▶ _Task brief_: Within the records that follow, restate exactly the lines from the line with "- Podstawa wykonana" down to the line with "Une cuisine maison", including both. Omit the pictures.

··· Task data ···

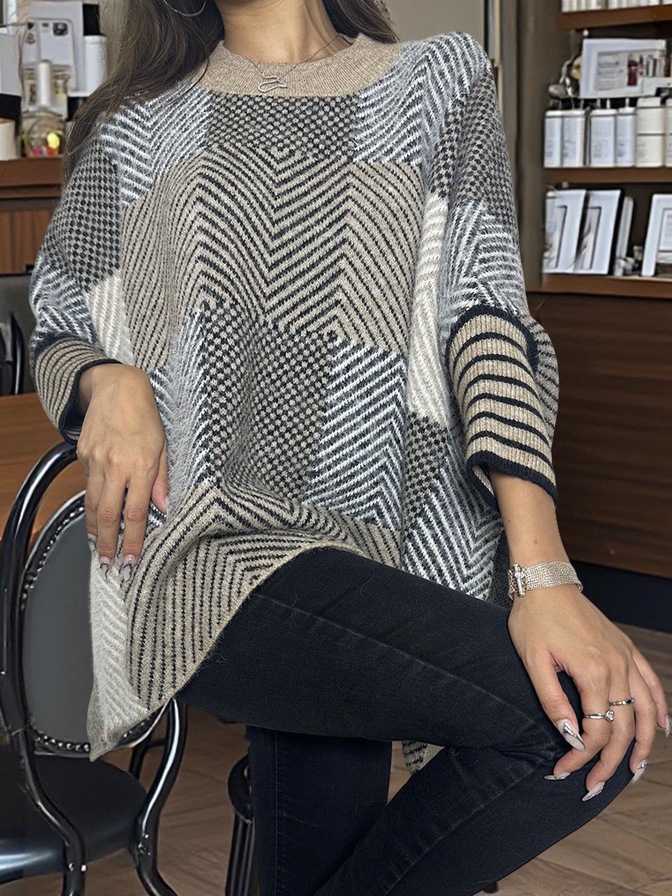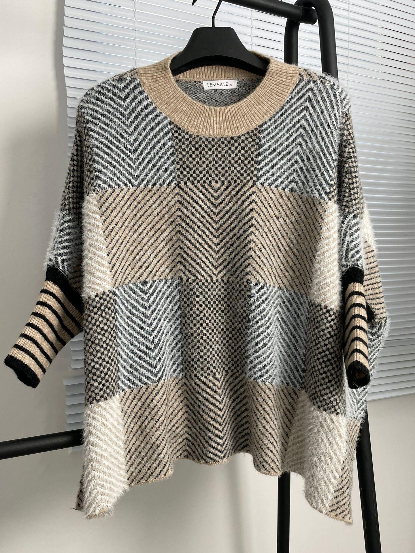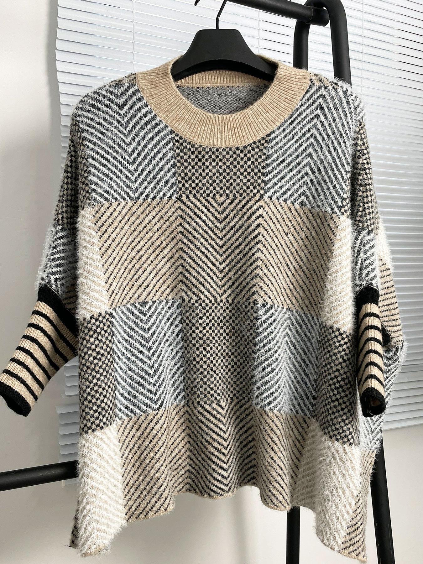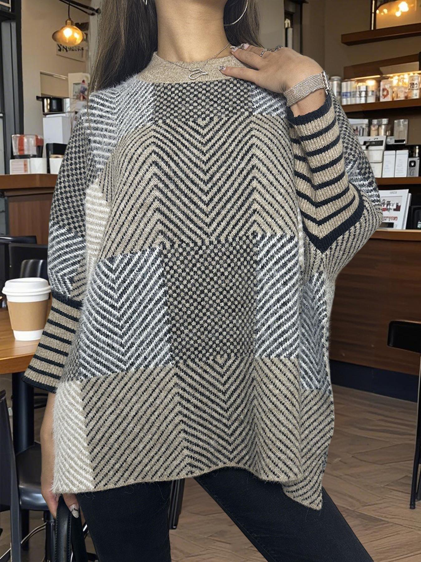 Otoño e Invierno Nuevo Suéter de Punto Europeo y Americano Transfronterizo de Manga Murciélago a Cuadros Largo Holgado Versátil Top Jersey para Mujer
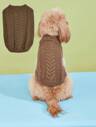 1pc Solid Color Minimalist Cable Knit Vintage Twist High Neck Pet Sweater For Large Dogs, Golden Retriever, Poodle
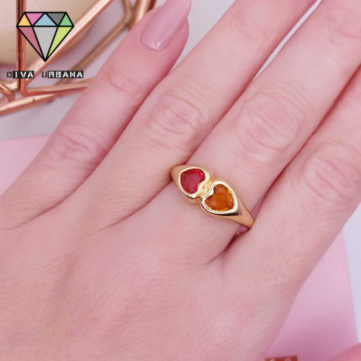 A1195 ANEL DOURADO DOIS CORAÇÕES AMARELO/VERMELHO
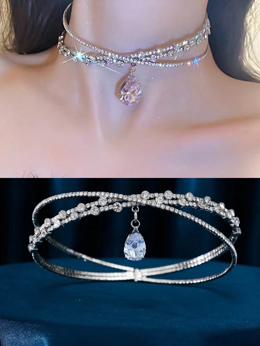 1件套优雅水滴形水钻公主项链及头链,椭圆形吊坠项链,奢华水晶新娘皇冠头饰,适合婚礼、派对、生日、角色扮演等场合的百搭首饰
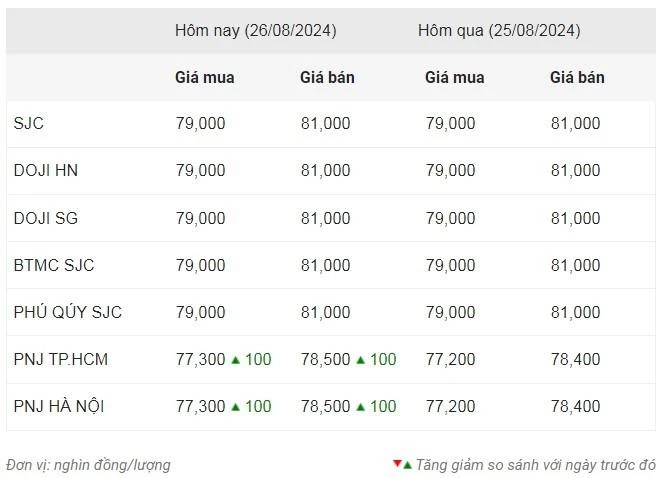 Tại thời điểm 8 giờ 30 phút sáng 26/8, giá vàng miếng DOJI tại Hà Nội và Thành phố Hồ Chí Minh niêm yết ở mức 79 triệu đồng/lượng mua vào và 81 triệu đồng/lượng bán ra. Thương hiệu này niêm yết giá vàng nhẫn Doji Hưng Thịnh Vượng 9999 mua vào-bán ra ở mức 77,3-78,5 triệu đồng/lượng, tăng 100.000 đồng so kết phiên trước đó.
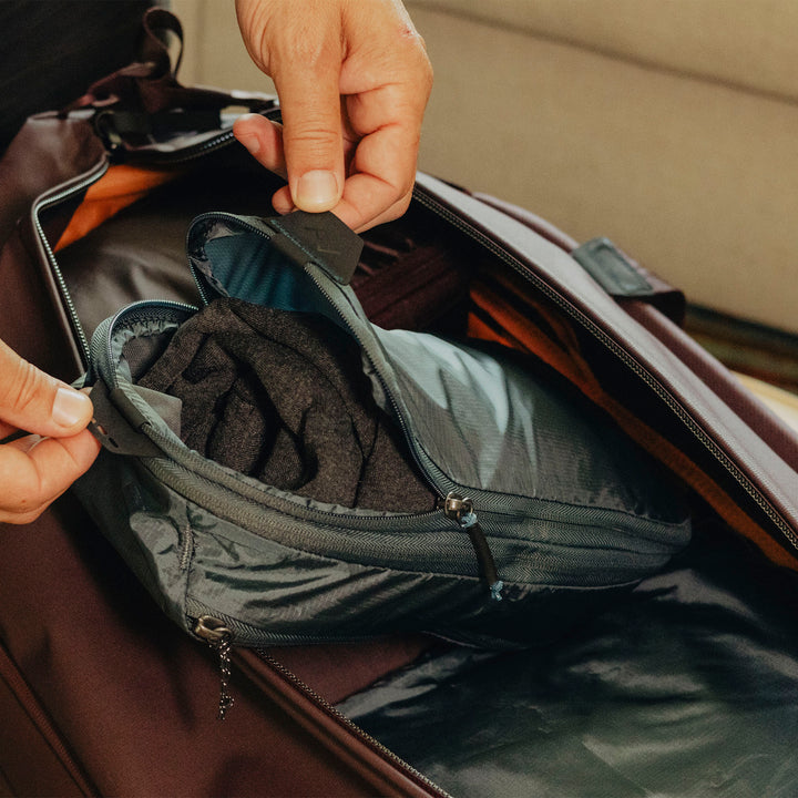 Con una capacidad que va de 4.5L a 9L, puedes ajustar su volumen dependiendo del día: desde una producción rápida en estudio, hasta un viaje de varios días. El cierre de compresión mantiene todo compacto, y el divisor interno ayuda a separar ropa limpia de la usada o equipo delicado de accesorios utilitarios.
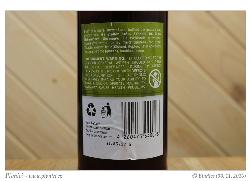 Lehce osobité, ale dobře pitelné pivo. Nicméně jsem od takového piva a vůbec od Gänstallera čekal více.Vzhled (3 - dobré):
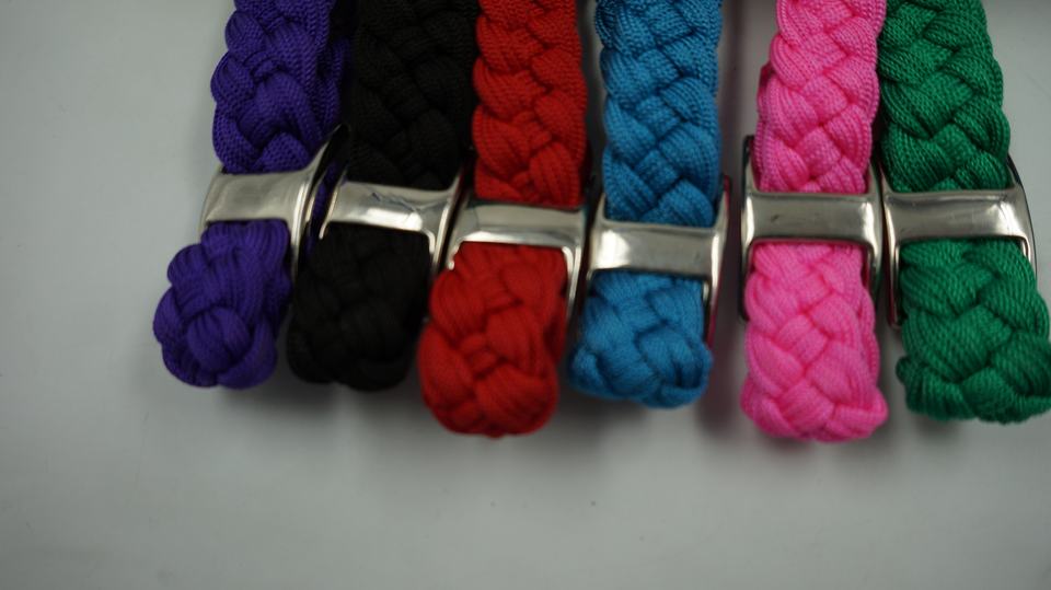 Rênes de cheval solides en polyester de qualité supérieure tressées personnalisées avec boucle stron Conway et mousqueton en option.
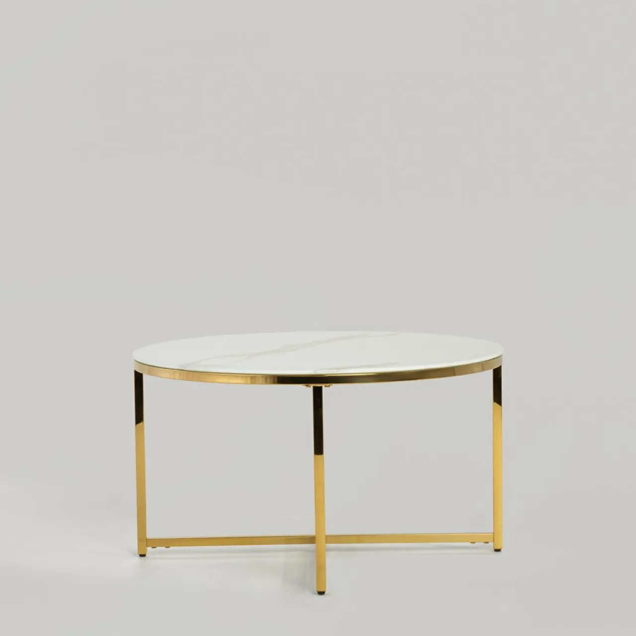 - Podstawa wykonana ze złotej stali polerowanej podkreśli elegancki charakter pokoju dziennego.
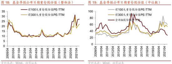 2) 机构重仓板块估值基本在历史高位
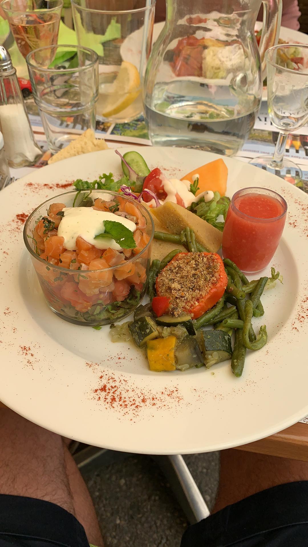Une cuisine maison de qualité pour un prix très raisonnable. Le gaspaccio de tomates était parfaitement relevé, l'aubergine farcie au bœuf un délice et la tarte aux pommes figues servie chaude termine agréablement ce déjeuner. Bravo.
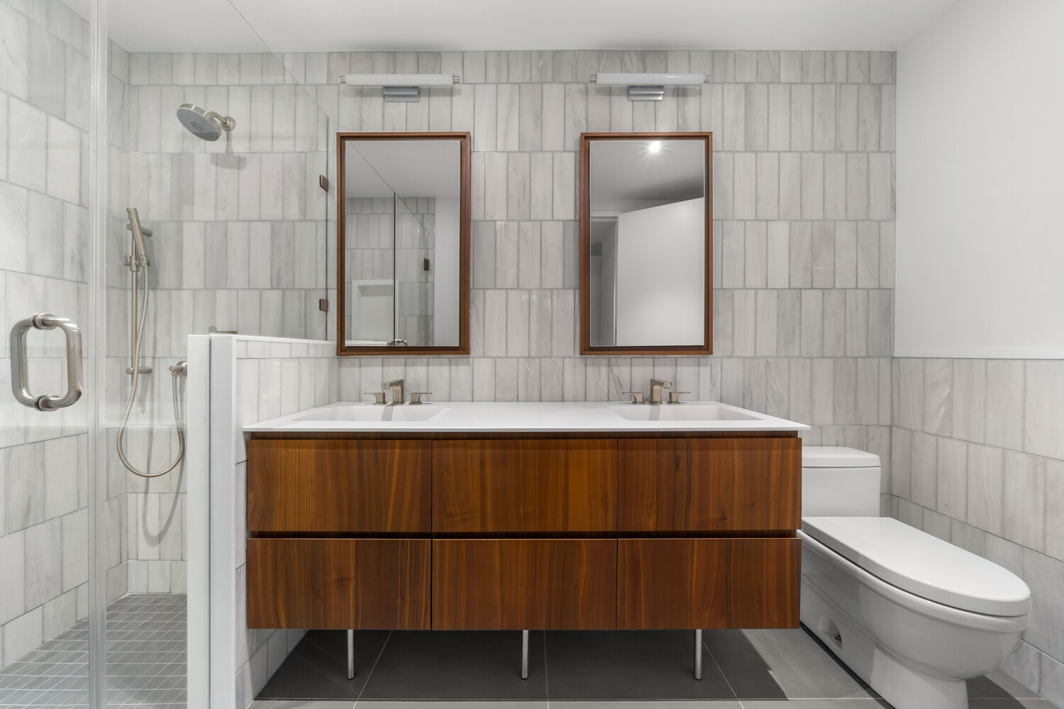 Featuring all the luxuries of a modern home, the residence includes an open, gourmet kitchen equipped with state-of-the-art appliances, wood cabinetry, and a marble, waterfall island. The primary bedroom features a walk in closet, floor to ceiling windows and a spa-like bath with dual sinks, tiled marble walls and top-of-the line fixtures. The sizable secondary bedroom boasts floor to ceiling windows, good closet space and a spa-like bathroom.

···

▶ _Solved problem_:
 - Podstawa wykonana ze złotej stali polerowanej podkreśli elegancki charakter pokoju dziennego.
 2) 机构重仓板块估值基本在历史高位
Une cuisine maison de qualité pour un prix très raisonnable. Le gaspaccio de tomates était parfaitement relevé, l'aubergine farcie au bœuf un délice et la tarte aux pommes figues servie chaude termine agréablement ce déjeuner. Bravo.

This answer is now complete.